Jubiläen sind besondere Räume der Erinnerungskultur; ihr Charakter ist ambivalent: Einerseits fordern sie das Erinnern wie eine Pflichtübung ein, andererseits bieten sie bevorzugt Anlass und Gelegenheit für eine neue Auseinandersetzung und Würdigung aus der Perspektive der jeweiligen Gegenwart.
Vor 800 Jahren wurde Elisabeth von Thüringen als ungarische Königstochter geboren. Bereits wenige Jahre nach ihrem Tod im Jahr 1231 wurde sie heiliggesprochen. Ihre Lebensgeschichte ist oft erzählt worden – hier nur wenige Eckdaten: Aus machtpolitischen Erwägungen kam sie im Alter von vier Jahren an den landgräflich-thüringischen Hof auf die Wartburg, um dort mit 14 Jahren dem sieben Jahre älteren Ludwig angetraut zu werden, der als Ludwig IV. inzwischen die Regentschaft übernommen hatte. Durch den Verlust ihres Mannes, der während des Kreuzzugunternehmens 1227 in Italien einer Infektion erlegen war, stand sie, inzwischen Mutter dreier Kinder, allein da.
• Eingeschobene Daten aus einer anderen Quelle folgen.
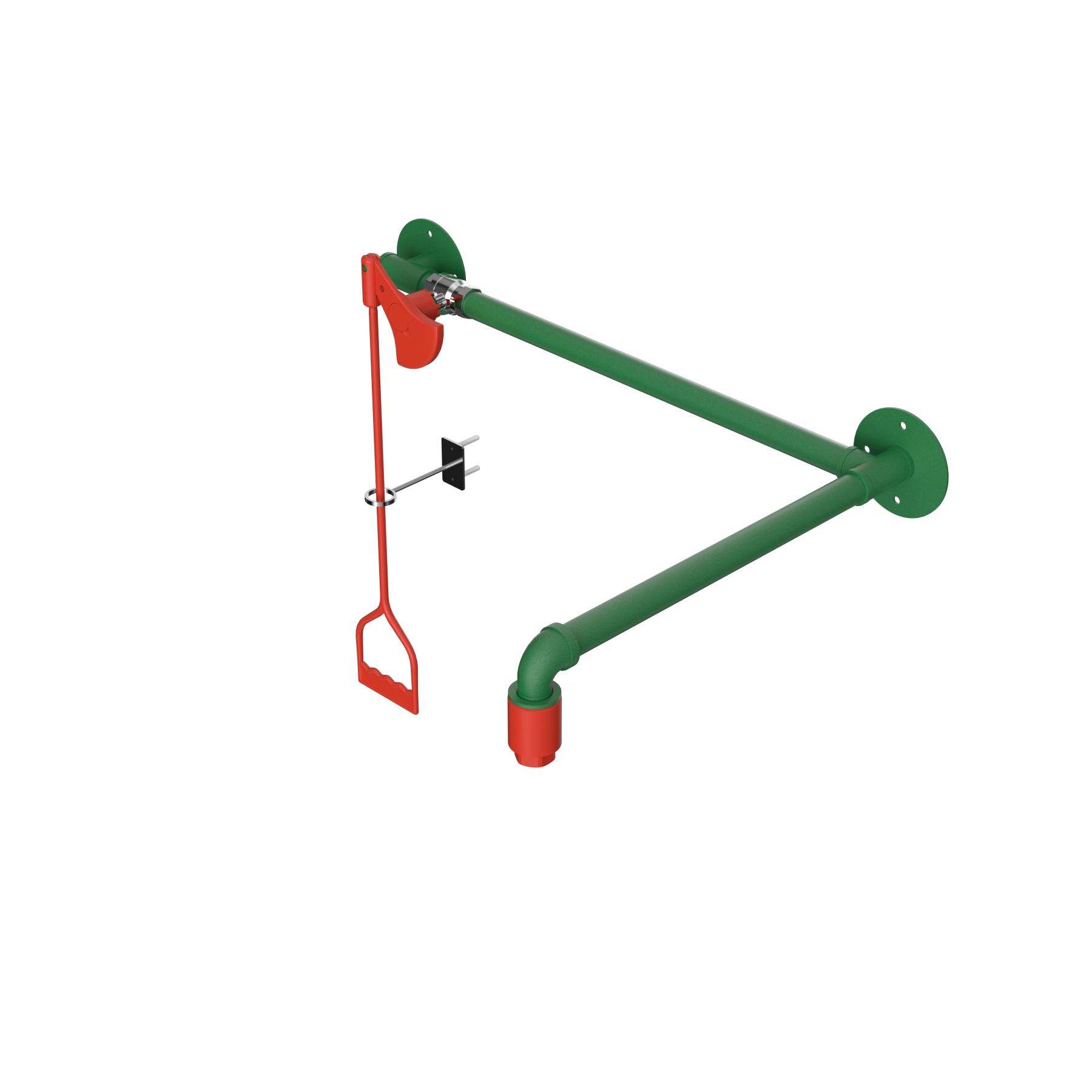 Onverwarmde, gegalvaniseerd stalen en groengelakte nooddouche met muurmontageplaat om te bevestigen boven een deur. De nooddouche wordt geactiveerd door middel van een trekhendel. De afsluiters die gebruikt worden zijn steeds van RVS 316.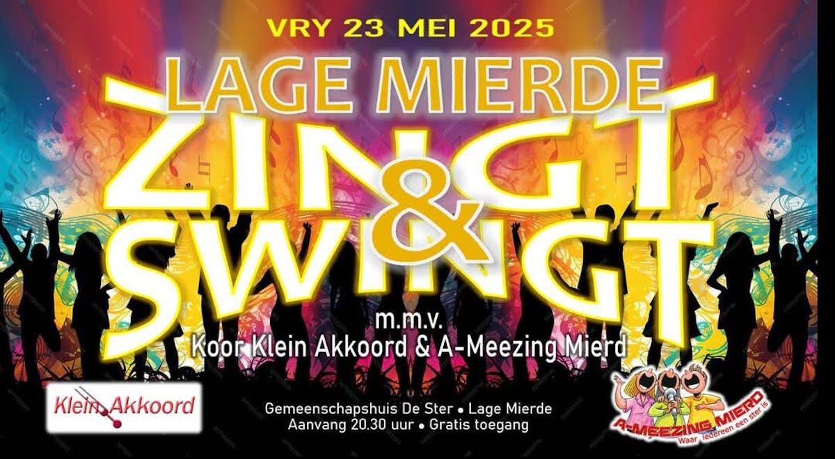 Lage Mierde zingt en swingt, een samenwerking van koor Klein Akkoord & A-meezing Mierd die voor jullie een gezellige zing en swing avond verzorgen.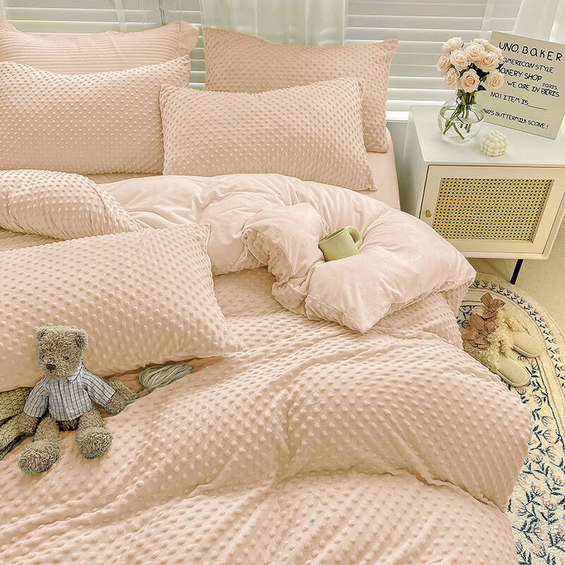 Komplet pościeli wykonany z pluszu (mikrowłókno). Jest to materiał, który nie wymaga prasowania, dzięki czemu pranie i zmiana pościeli staje się przyjemnością. Ciepły pluszowy materiał zapewnia odpowiedni komfort w zimowe noce, doskonale ogrzewa i jest bardzo miły w dotyku. Posiada jednolity kolor który nie traci intensywności, nawet po wielokrotnym praniu. Stylowe wielowymiarowe zdobienia w kropki dodają jej wyjątkowego charakteru.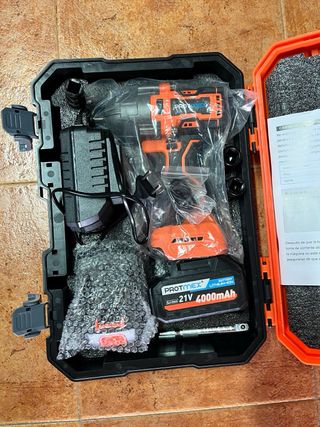 Protmex llavede impacto inalámbrica sin escobillas, 2 x 4,0 Ah, 21 Pistola de impacto con par máximo de 1200 Nm. Incluye: pistola, 2 baterías, cargador, 4 llaves, adaptador, instrucciones y caja. Abierta para prueba.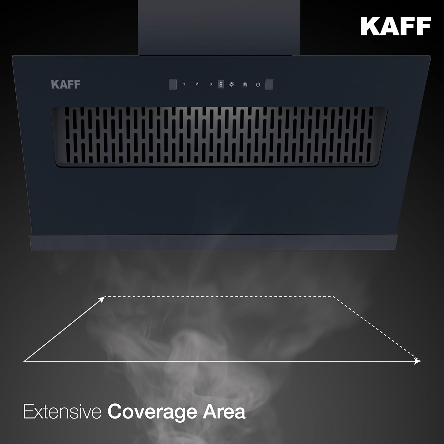 KAFF K-Series KES 90A Slant Filterless Auto Clean Kike Chimney introduction, 90 cm, 1450 m3/hr suction capacity touch and motion sensor with kitchen chimney-where the styles complete. Created with accurate engineering and innovative features, this chimney is designed to increase your cooking experience. Trouble-free filter-cum + dry heat auto cleaning technology, Kes90A ensures easy maintenance by eliminating traditional filters and automating the cleaning process. Dry heat auto-clean feature efficiently dislikes Greece and debris, directing them to the matte black oil collector for easy disposal.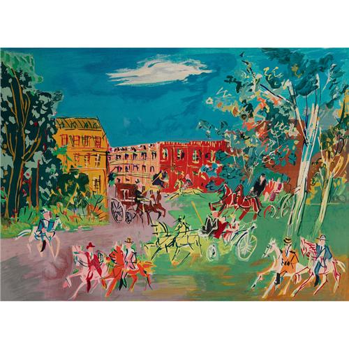 Jean Dufy (French, 1888-1964), "La Promenade", c. 1940; color lithograph, 18.5" x 25", pencil signed, unframed. Highly important French Modernist, known for his work in watercolor. Dufy studied at the Ecoles des Beaux-Arts and in Paris, with Othon Fries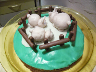 Réaliser ensuite la pâte à sucre express au citron et étaler cette pâte à sucre. Découper dans celle-ci une forme libre qui sera la mare des petits cochons.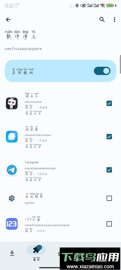 1、软件净土能够处理广告注入、组合弹窗注入等情况。通过添加应用包名即可启用相关功能;其非主流模式目前仅支持未加固应用的清理。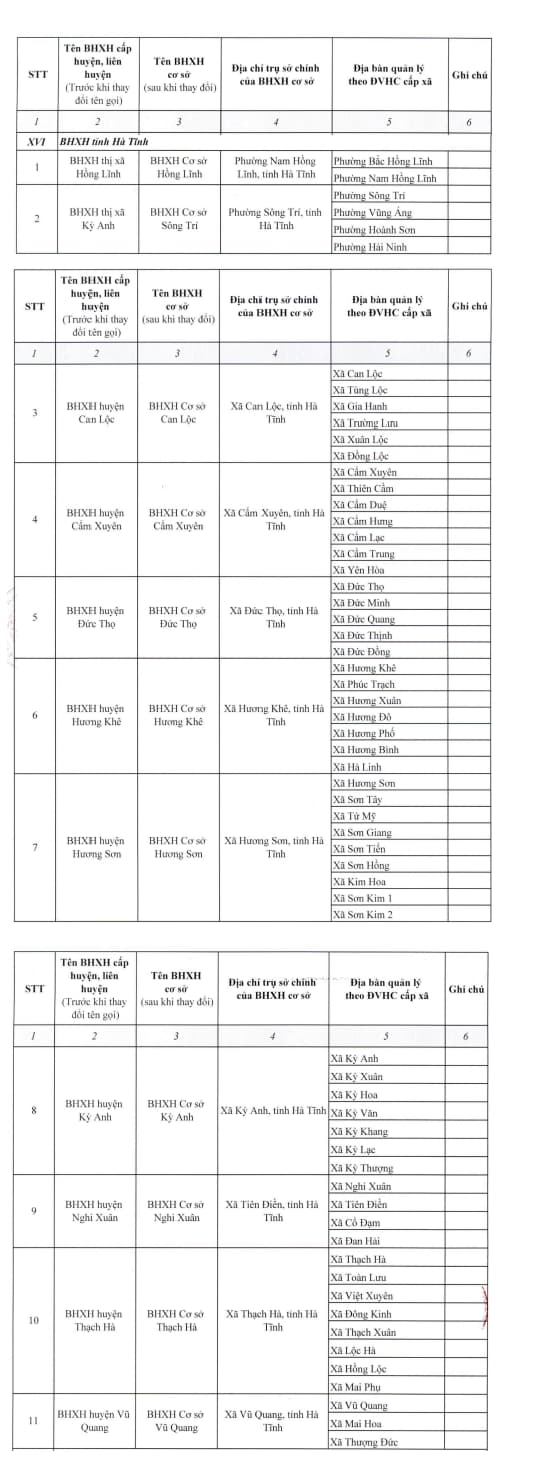 Trên đây là danh sách tên gọi và địa chỉ BHXH cơ sở thuộc BHXH Hà Tĩnh sau sáp nhập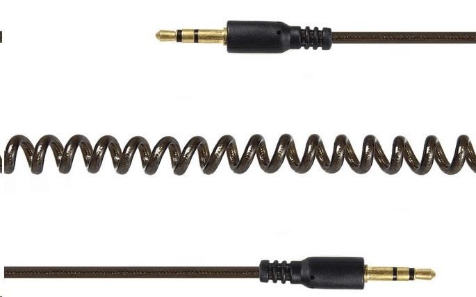 Spiral audio cable with two gold plated 3.5 mm stereo connectors
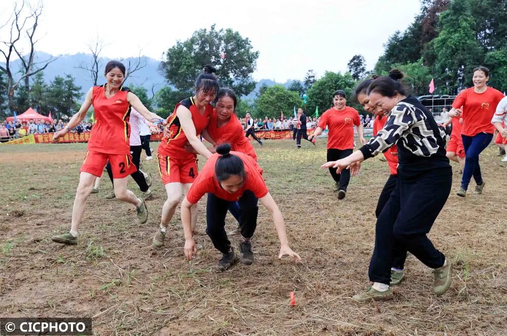 2023年4月22日,在广西柳州市融安县板榄镇举办的“板榄三月三会期”民俗活动中,女队员在抢花炮。

Auf der Wartburg ohne Rückhalt, sei sie, so die traditionelle Deutung, von dort vertrieben worden, um schließlich im Schutz ihres Beichtvaters, Konrad von Marburg nach Marburg, zu kommen. Mit eigenen Mitteln gründete sie hier 1228 ein Hospital, das als erstes nördlich der Alpen dem heiligen Franziskus geweiht wurde. Nach drei Jahren aufopferungsvoller Arbeit ist Elisabeth hier gestorben.
Isoliert betrachtet, war dies ein leidvoller und entbehrungsreicher Lebensweg, der sich als ein kontinuierlicher sozialer Abstieg darstellt. Projiziert man Elisabeths Geschichte jedoch auf den Hintergrund damaliger religiöser Erneuerungsbewegungen, dann erscheint sie wie ein gelungener Lebensplan. Es gab im 13. Jahrhundert vielgestaltige Bewegungen mit sehr unterschiedlichen Organisationsformen, Motiven und Zielsetzungen. Gleichwohl lassen sie sich als neue Frömmigkeits- und Armutsbewegung zusammenfassen. In Oberitalien und Südfrankreich formierten sich seit dem ausgehenden zwölften Jahrhundert einerseits die Katharer, andererseits die Waldenser als Laienbruderschaften, die das Evangelium verkündeten und nach dem Vorbild Jesu in Armut lebten. Sie zogen, von der Kirche zum Teil rigoros verfolgt, als Laienprediger durch das Land. In Flandern entstand die Bewegung der Beginen. Es waren offene Frauengemeinschaften mit einem halb religiösen, halb weltlichen Charakter, die kein lebenslanges Gelübde ablegten. Auch sie lebten in Askese und sorgten mit eigener Arbeit für ihren Unterhalt. Sie praktizierten Krankenpflege und engagierten sich in allen Gebieten damaliger sozialer Fürsorge.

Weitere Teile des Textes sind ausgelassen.